+Originally published by 2 Minute Medicine® (view original article). Reused on AccessMedicine with permission.
+1. There is no significant difference in treatment failure between pediatric patients taking amoxicillin versus amoxicillin-clavulanate for acute sinusitis.
+2. Adverse events were more common in patients who took amoxicillin-clavulanate as compared to amoxicillin.

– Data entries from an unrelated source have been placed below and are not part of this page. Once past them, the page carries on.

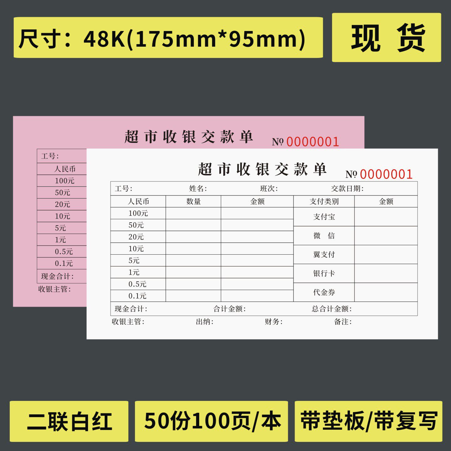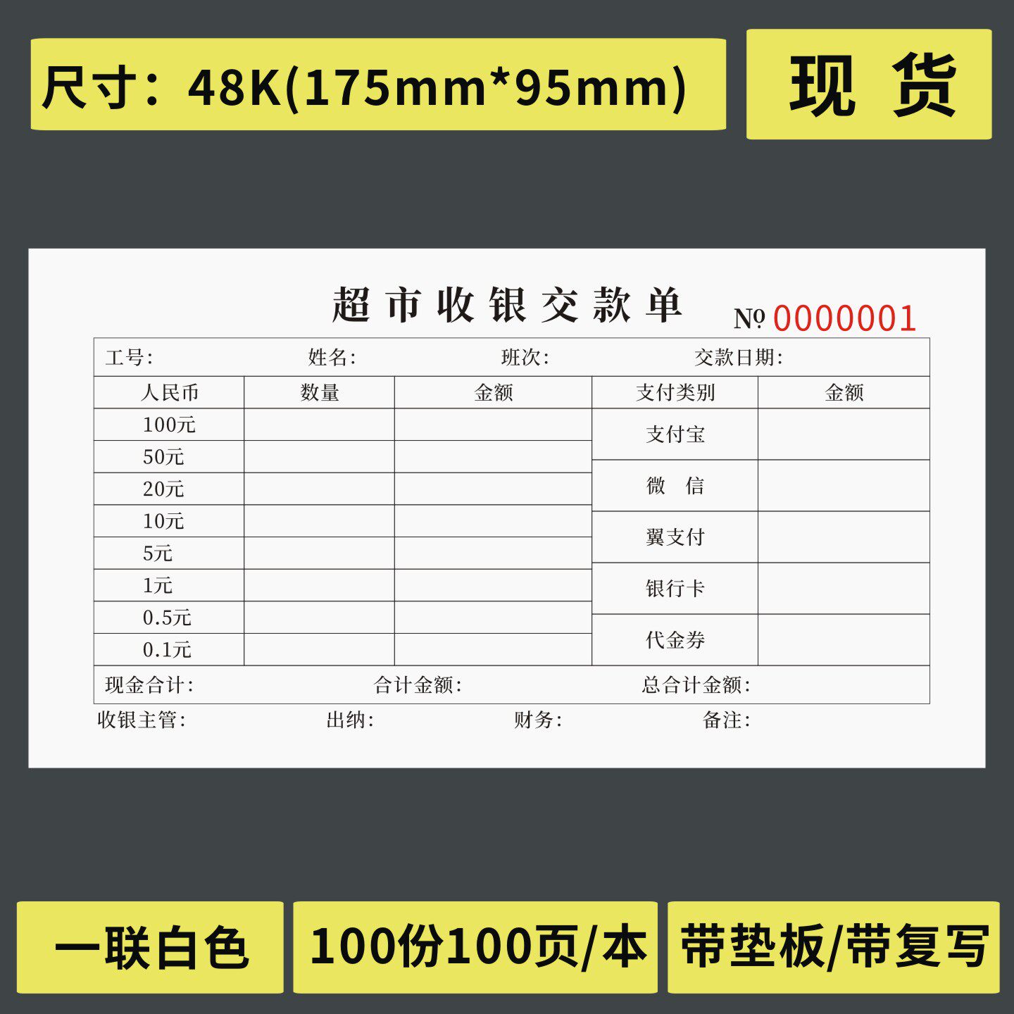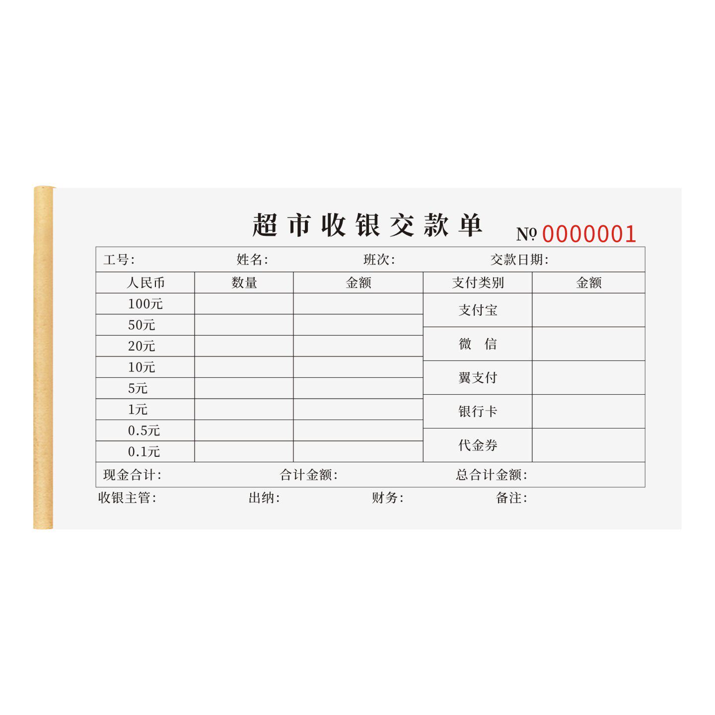 📚 超市收银交款单商场收银柜台缴款交接本便利店日收入账单记录表
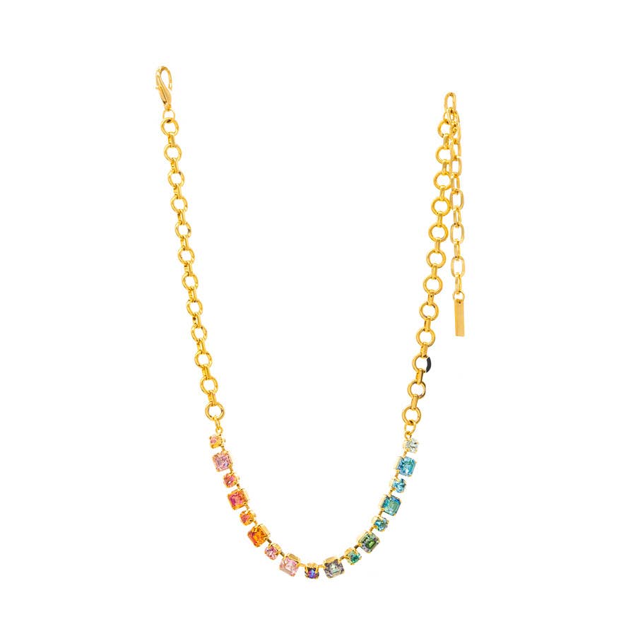 Make a sparkly statement in style with the Mini Sofia Necklace in Flamingo Mix! This distinctive design, crafted from a high-quality Antique Gold plated, Brass base metal and adorned with gleaming crystals, will be sure to get your neckline noticed. Plus, with a 16" chain plus a 4" extension, it's totally adjustable for your perfect fit!
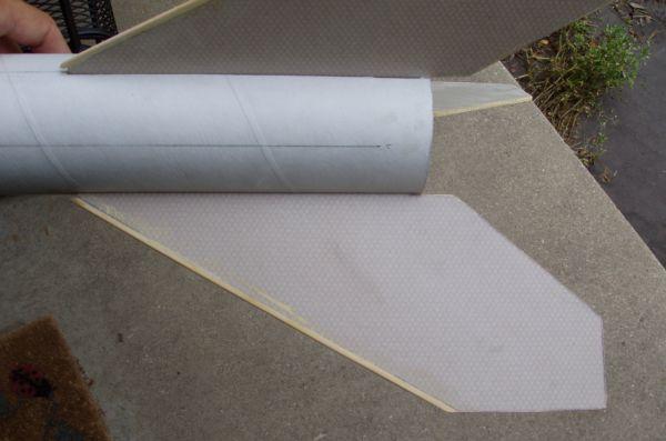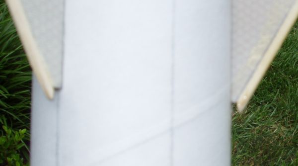 When mounting the fins, one problem became evident. The fin tab in the front is 1/8" longer than in the back. At first, I thought I would simply have to trim the short section of the fin overhang immediately behind the tab. However, it turned out that this depth was correct for the tubes I was going to use, so I would also have had to trim the entire tab. Another possible fix would have been to extend the frame 1/8" further down. This would have left a small gap in the root tip that would have been easily filled. Unfortunately, I figured this out after I had finished. The good news is that the gaps were easily plugged with small pieces of the balsa I used to frame the leading edge.
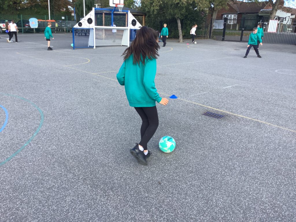 We have been developing our football skills so far this half term. We’ve been using our existing knowledge of how to pass a football using the inside, outside toes and laces of out feet/ trainers. The children have worked on improving the accuracy of their passes, over longer distances, with a partner. This week, we introduced the idea of defending. The children worked in small groups and passed the ball between them with a defender trying to intercept the ball. This also meant they had to think about their spacing, accuracy and communication skills.

+Evidence Rating Level: 2 (Good)
+Acute sinusitis is a prevalent condition in children, and antibiotics are frequently prescribed for its treatment although there is no agreement regarding the best empirical antibiotic. This study aimed to compare the effectiveness and safety of two commonly prescribed antibiotics, amoxicillin-clavulanate and amoxicillin, in the treatment of acute sinusitis in children – with amoxicillin-clavulanate representing the broader spectrum antibiotic. The main measurable outcome was treatment failure, defined as an aggregate of situations where patients had to get a new antibiotic, visit the emergency room, or stay in the hospital because of acute sinusitis or its complications. This cohort study found that there was no statistically significant difference in treatment failure rates between the two antibiotics. However, amoxicillin-clavulanate was associated with a heightened risk of adverse events, particularly gastrointestinal symptoms and yeast infections. A limitation of this study was that data regarding dosing (weight-based, standard versus high dose) was not captured, which could differ between groups and impact treatment failure. Nonetheless, these findings offer pertinent guidance to healthcare practitioners tasked with choosing empirical antibiotics for the treatment of acute sinusitis in pediatric patients.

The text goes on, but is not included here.